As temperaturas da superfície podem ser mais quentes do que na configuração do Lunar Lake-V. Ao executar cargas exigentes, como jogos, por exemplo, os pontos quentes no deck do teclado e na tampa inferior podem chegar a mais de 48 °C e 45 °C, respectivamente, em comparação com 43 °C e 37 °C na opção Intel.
---
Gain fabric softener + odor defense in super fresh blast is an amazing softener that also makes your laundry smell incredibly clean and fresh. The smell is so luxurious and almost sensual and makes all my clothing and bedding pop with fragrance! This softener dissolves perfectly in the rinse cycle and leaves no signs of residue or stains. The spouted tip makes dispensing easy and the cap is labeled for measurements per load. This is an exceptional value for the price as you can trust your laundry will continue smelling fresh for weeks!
--
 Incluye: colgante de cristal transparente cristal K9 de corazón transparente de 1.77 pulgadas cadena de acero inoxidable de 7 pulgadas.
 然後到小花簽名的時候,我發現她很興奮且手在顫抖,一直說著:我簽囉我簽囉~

## EXERCISE:
Look through the entries above and quote exactly the lines from the line with "Incluye: colgante de" to the line with "然後到小花簽名的時候,我發現她很興奮且手在顫抖,一直說著:我簽囉我簽囉~", counting both of those lines.

## THE ANSWER:
 Incluye: colgante de cristal transparente cristal K9 de corazón transparente de 1.77 pulgadas cadena de acero inoxidable de 7 pulgadas.
 然後到小花簽名的時候,我發現她很興奮且手在顫抖,一直說著:我簽囉我簽囉~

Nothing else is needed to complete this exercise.